Sampai di parkiran apartemen, ia memarkirkan dan mengunci mobilnya seperti biasa. Sudah dikatakan, dia mampu menaiki banyak anak tangga, melewati beberapa lantai untuk sampai ke kamar apartemen miliknya. Baginya sudah cukup untuk tinggal di apartemen seperti sekarang ini. Apartemennya pun cukup luas untuk Sheza yang hanya seorang diri. Entah kenapa ia tidak berkeinginan membeli rumah sendiri, padahal kerja sebagai seorang dokter penghasilannya pun tidak mungkin sedkit.

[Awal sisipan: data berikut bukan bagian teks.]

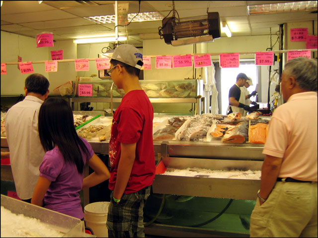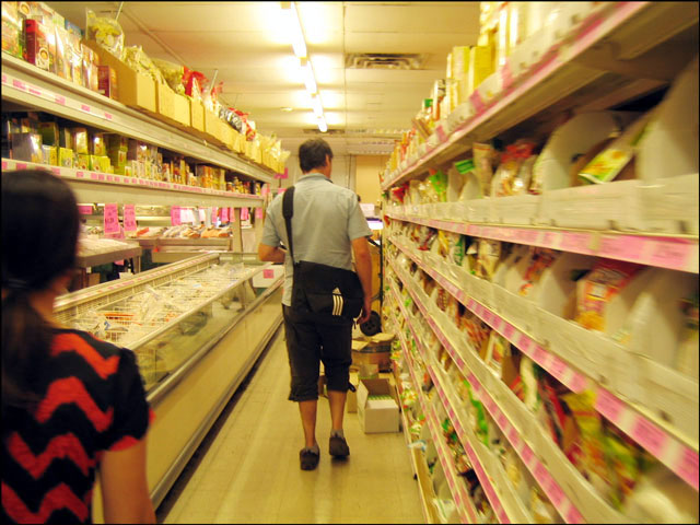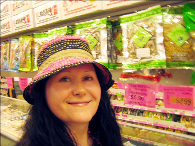 Nick and I took a walk to Chinatown the other day to get some ingredients for Sushi making. Sure Sushi is Japanese but the shops in Chinatown carry a myriad of Asian ingredients. This particular store we were in was 5 isles wide and chock full of the most interesting of groceries. Rather than just go in and grab what we knew we needed, we took the time to peruse the whole shop and ended up with Wasabi powder, pickled ginger, a large bag of dried Shiitake mushrooms, 2 kinds of hot pepper oil, a large bottle of hot sauce (mmm, that was for me!) and a variety of noodles. Plus an eye-full of interesting things and some ideas for future meals to make.
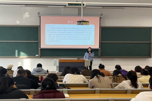 11月28日下午,人文社科系党支部在善学楼102教室组织学习《习近平新时代中国特色社会主义思想的世界观和方法论专题摘编》,本次学习由人文社科系党支部副书记叶绘主持,人文社科系全体教职工参加。

Jarum jam menunjukan pukul 8 pagi, dia saat ini sedang membuat makanan untuk dirinya sekarang dan untuk bekal kerja nanti. Setelah selesai memasak, Sheza menaruh makanannya pada meja makan, menghiasnya agar terlihat lebih sedap untuk disantap. Dimakanlah makanan tersebut ditemani dengan suara televisi. Setelah makan dia membersihkan kamarnya terlebih dulu, lalu menyiapkan baju dan perlengkapan  lainnya untuk dia berangkat kerja. Jadwal sekarang lebih lama, bahkan sering kali pada situasi seperti ini dia bekerja diluar jadwalnya sendiri untuk membantu tenaga medis yang lain.

Sheza keluar dari kamar mandi dan bergegas masuk ke kamarnya. Sekarang pukul 10.50 WIB memang masih lama untuk pergi ke rumah sakit, tapi seperti biasanya dia berangkat satu setengah jam lebih awal karena jarak dari apartemennya ke rumah sakit cukup jauh dan butuh waktu yang cukup lama. Dia bekerja dengan para tenaga medis lainnya tanpa henti. Dari pagi sampai pagi lagi, sulit untuk pulang ke kampung halaman dan bertemu keluarga demi mencegah penularan. Perjuangan para tenaga medis dalam melawan Covid-19 belum berakhir.

Mereka lah pahlawan kehidupan, mereka yang berada di garda terdepan rela mengorbankan pikiran, waktu, tenaga dan nyawa demi menyelamatkan ribuan pasien berstatus Pasien Dalam Pengawasan (PDP), Orang Dalam Pemantauan (ODP) hingga pasien positif Covid-19. Dibalik semangat yang mereka tunjukkan, tersimpan kekhawatiran besar karena takut tertular. Rasa saling membantu menjadi keharuan tersendiri di tengah kecemasan dan ketidakpastian ini.